> [Assigned task] Repeat the data below exactly, dropping any pictures it holds.

Segment Start: Collected material

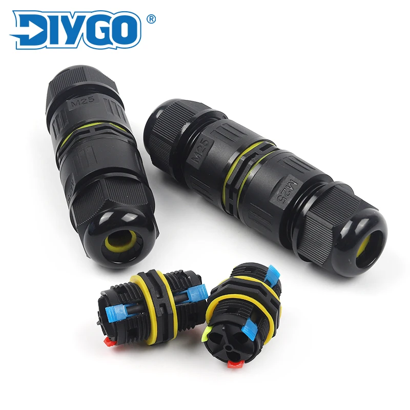 IP68 Waterproof Connector Assembly Type Wire And Cable Breakout Connector M25 3/4/5P Outdoor LED Lighting Sealed Connector 1PCS
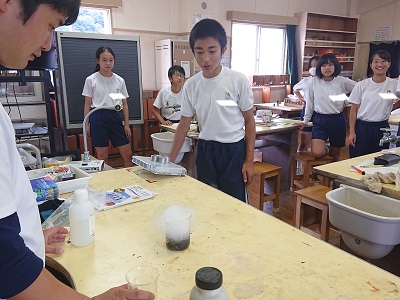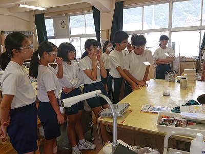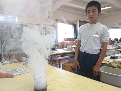 1年生は理科で「気体の性質を調べよう」という活動を行っていました。最初に教師が行う実験をみんなで観察していました。
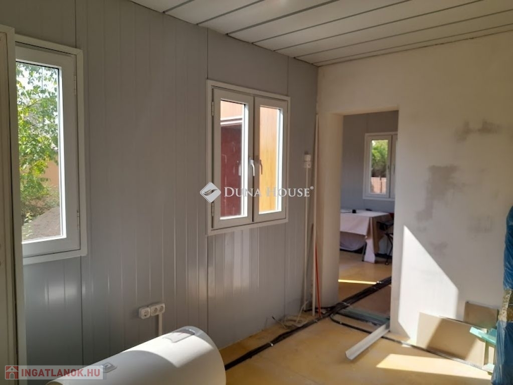 A 28 nm. hasznos alapterületű könnyűszerkezetes házikó egy 801 nm-es telken helyezkedik el a horgásztavak szomszédságában. A házikó minimális ráfordítással lakható hiszen már a nagyobb volumenű munkálatokat elvégezték. Bevezetésre került a víz, villany (három fázis), kialakították a mai szabványnak megfelelő szennyvízelvezetést.

Segment End: Collected material

> [Exercise solution]
 IP68 Waterproof Connector Assembly Type Wire And Cable Breakout Connector M25 3/4/5P Outdoor LED Lighting Sealed Connector 1PCS
 1年生は理科で「気体の性質を調べよう」という活動を行っていました。最初に教師が行う実験をみんなで観察していました。
 A 28 nm. hasznos alapterületű könnyűszerkezetes házikó egy 801 nm-es telken helyezkedik el a horgásztavak szomszédságában. A házikó minimális ráfordítással lakható hiszen már a nagyobb volumenű munkálatokat elvégezték. Bevezetésre került a víz, villany (három fázis), kialakították a mai szabványnak megfelelő szennyvízelvezetést.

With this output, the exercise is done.